A polypyrimidine tract binding protein, pumpkin RBP50, forms the basis of a phloem-mobile ribonucleoprotein complex

Affiliations

A polypyrimidine tract binding protein, pumpkin RBP50, forms the basis of a phloem-mobile ribonucleoprotein complex

Byung-Kook Ham et al. Plant Cell. 2009 Jan.

Abstract

RNA binding proteins (RBPs) are integral components of ribonucleoprotein (RNP) complexes and play a central role in RNA processing. In plants, some RBPs function in a non-cell-autonomous manner. The angiosperm phloem translocation stream contains a unique population of RBPs, but little is known regarding the nature of the proteins and mRNA species that constitute phloem-mobile RNP complexes. Here, we identified and characterized a 50-kD pumpkin (Cucurbita maxima cv Big Max) phloem RNA binding protein (RBP50) that is evolutionarily related to animal polypyrimidine tract binding proteins. In situ hybridization studies indicated a high level of RBP50 transcripts in companion cells, while immunolocalization experiments detected RBP50 in both companion cells and sieve elements. A comparison of the levels of RBP50 present in vascular bundles and phloem sap indicated that this protein is highly enriched in the phloem sap. Heterografting experiments confirmed that RBP50 is translocated from source to sink tissues.
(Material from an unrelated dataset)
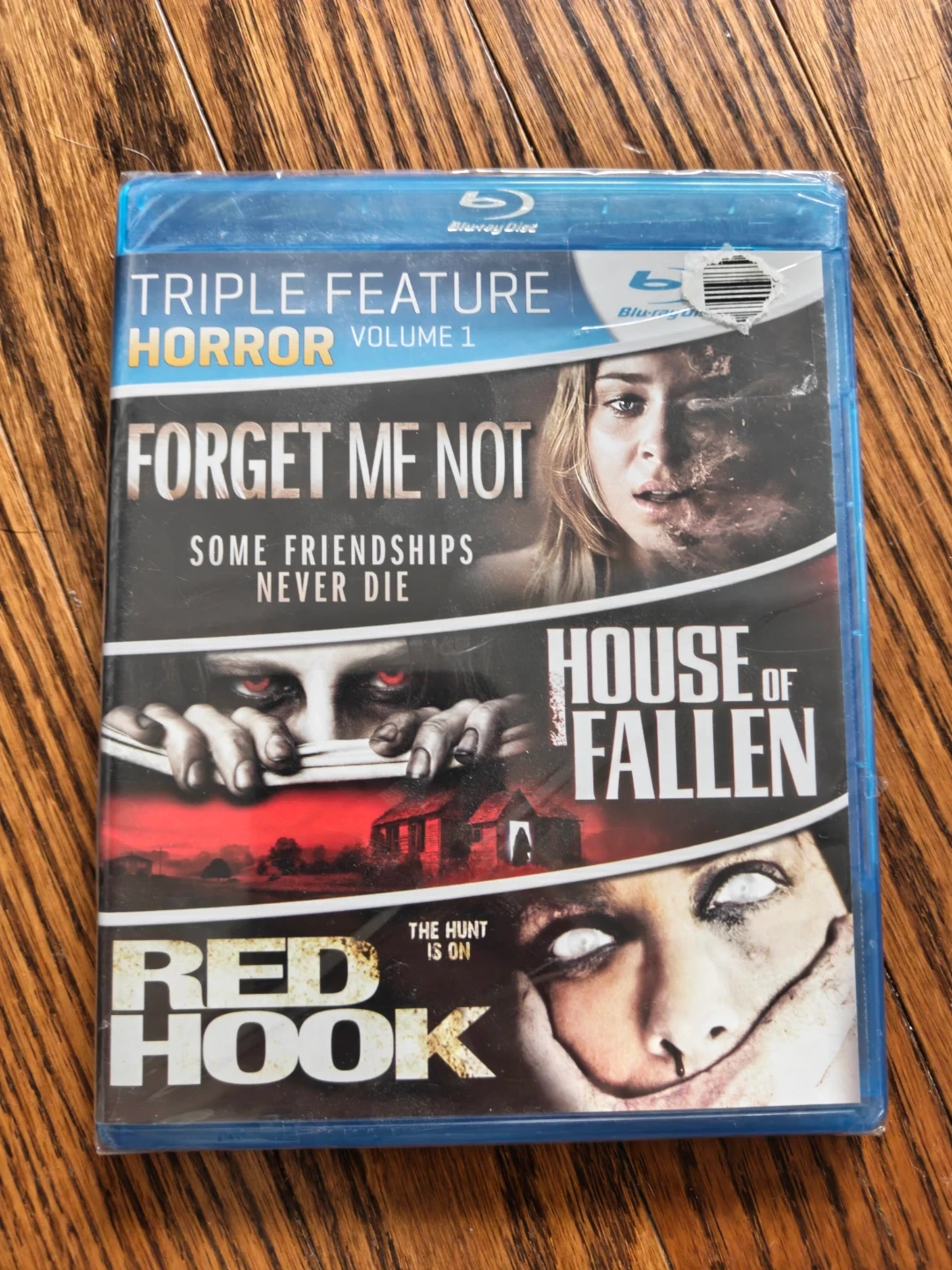 This is a triple feature Blu-ray collection of horror films, including Forget Me Not, House of Fallen, and Red Hook. All movies are in widescreen format with 5.1 Dolby Digital Surround sound. Get ready for some scares!

Collectively, these findings established that RBP50 functions as a non-cell-autonomous RBP. Protein overlay, coimmunoprecipitation, and cross-linking experiments identified the phloem proteins and mRNA species that constitute RBP50-based RNP complexes. Gel mobility-shift assays demonstrated that specificity, with respect to the bound mRNA, is established by the polypyrimidine tract binding motifs within such transcripts. We present a model for RBP50-based RNP complexes within the pumpkin phloem translocation stream.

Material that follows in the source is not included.